Il nome originario, nurache ‘e losas, significa ‘nuraghe delle tombe’, e fa riferimento alle urne cinerarie romane scavate nella roccia affiorante ai margini dell’area in cui sorge. La sagoma inconfondibile del nuraghe Losa si erge sull’altopiano basaltico di Abbasanta, a cinque chilometri dal piccolo centro dell’Oristanese. Camminando attorno alla sua possente struttura, solida e piatta – con pianta a triangolo equilatero - noterai scorci prospettici che ricordano l’alta prua di una nave. È una delle espressioni più notevoli e caratterizzanti dell’architettura nuragica, sede di scavi archeologici fin dal XIX secolo, e si distingue per disegno organico, compattezza dei volumi e raffinatezza delle tecniche murarie. Intorno si conservano i resti di un esteso insediamento immerso nel verde della macchia mediterranea, testimone delle millenarie vicende del sito, da età nuragica a epoca romana, quando fu usato, per scopi funerari, e poi sino all’alto Medioevo (VII-VIII secolo).

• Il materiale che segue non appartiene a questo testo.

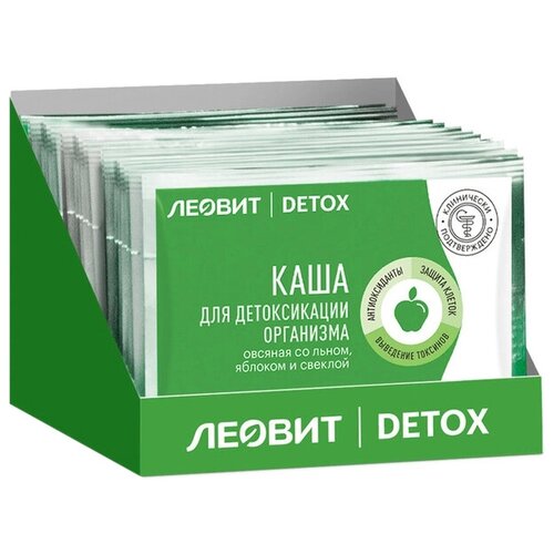 Каша для детоксикации организма овсяная со льном, яблоком и свеклой леовит Detox. Шоубокс 12 шт. по 27 г.

Il complesso, interamente costruito con grossi blocchi di basalto, è costituito da un nuraghe trilobato, risalente al Bronzo medio (XV-XIV secolo a.C.), un antemurale e resti di un villaggio di capanne circolari, realizzati tra Bronzo recente ed età Del Ferro (XIII-IX a.C.). All’ingresso, scoprirai che l’enorme massa compatta - segreto dello straordinario stato di conservazione - contiene anche vani spaziosi. Non il cortile scoperto, però, caratteristico della gran parte dei nuraghi complessi, forse sostituito nelle funzionalità da spazi esterni scoperti. Accederai attraverso un ingresso principale, sopraelevato rispetto alla campagna, e da un corridoio rettilineo raggiungerai l’originaria torre centrale troncoconica (mastio) e le due torri laterali. Mentre quella posteriore è accessibile da un ingresso secondario. Avanzerai attraverso i chiaroscuri del corridoio, respirerai l’odore delle pietre coperte dal muschio, rivivrai le sensazioni della mitica età nuragica.

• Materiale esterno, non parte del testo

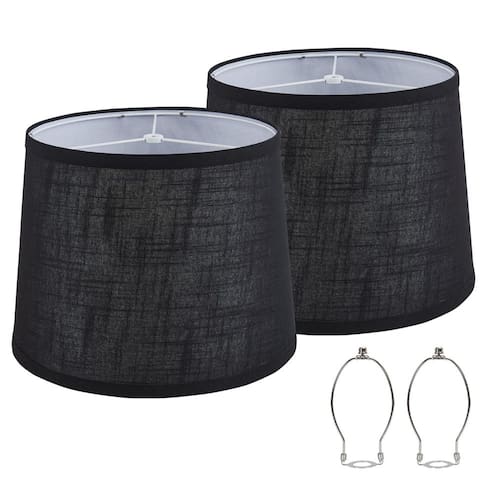 Conjunto de 2 abajures pretos de tecido, abajures de tecido para luminárias de mesa, abajures médios de 33 cm superior x 28 cm inferior x 25,4 cm de altura, suporte de harpa de abajur incluído - ?Material premium?Este abajur foi feito de tecido de linho natural, decoração fotográfica mais natural. Substituições de sombra premium são perfeitas para candeeiros de mesa, lustres, luzes de chão, luminárias de parede. - Conjunto médio de 2 abajures: diâmetro superior de 28 cm, diâmetro inferior de 28 cm, 18 cm de altura. Nossos abajures feitos à mão em linho natural de tecido com 2 unidades são adequados para a maioria das luminárias. Dicas: antes de comprar, observe a tonalidade do modo Aranha. Sua luz deve ter um adaptador de harpa ou grampo de lâmpada para usar. - ?Dimensão apropriada?Diâmetro superior: 33 cm, diâmetro inferior: 28 cm, altura: 25,4 cm, tamanho médio adequado para a maioria dos candeeiros de mesa e lâmpadas de chão. Verifique o tamanho da persiana cuidadosamente para garantir que elas sejam adequadas para suas luminárias antes de comprar. - ?Fácil de instalar?Feito à mão por trabalhadores profissionais. Abajur parece mais confortável. Montagem automática necessária, pode levar cerca de 5 minutos. Por favor, não leve para casa, se você não pode aceitar a montagem automática. - ?Compra sem preocupações?Cada produto foi bem testado pelo fabricante para garantir um produto de alta qualidade antes de ser enviado. Se você tiver alguma dúvida sobre nossas lâmpadas, , forneceremos o serviço mais rápido e amigável dentro de 24 horas.

Superata l’alta soglia, troverai tre anditi che portano ad altrettante camere coperte a tholos (falsa cupola). Il mastio - oggi alto 13 metri, in origine di più - ha una struttura ‘classica’: ampia camera di base con tre nicchie sistemate a croce. Una rampa a spirale sale in senso orario alla piccola camera superiore, un tempo raggiungeva anche la sommità. Attorno sono disposte le tre torri minori con camere alte e strette, unite tra loro dalla muratura che fascia l’intera struttura. Al loro interno ci sono anche tre pozzetti usati come magazzini per riserve alimentari o altri materiali. Torre principale e bastione trilobato sono circondati da una lunga e poderosa muraglia a forma ovale, provvista di porte e due torrette sporgenti con pareti traforate da feritoie. L’antemurale si distende sul retro, a nord e ovest, ricomprendendo uno stretto cortile. Alla base della torretta occidentale c’è una cisterna. Davanti all’ingresso della facciata, invece, visiterai un imponente edificio rotondo, presumibilmente con funzioni importanti - forse capanna delle riunioni - come suggeriscono due ingressi contrapposti, due ampie nicchie, quattro stipetti e cinque feritoie. Del vastissimo insediamento attorno, esteso per tre ettari e mezzo, solo una piccola parte è stata scavata. Dai reperti rinvenuti si calcola che il complesso fu abitato da fine del Bronzo medio e in parte abbandonato a inizio età del Ferro. In vari punti osserverai resti di abitazioni nuragiche e, soprattutto, case di epoca tardo-punica, romana repubblicana e imperiale, tardo-romana e bizantina.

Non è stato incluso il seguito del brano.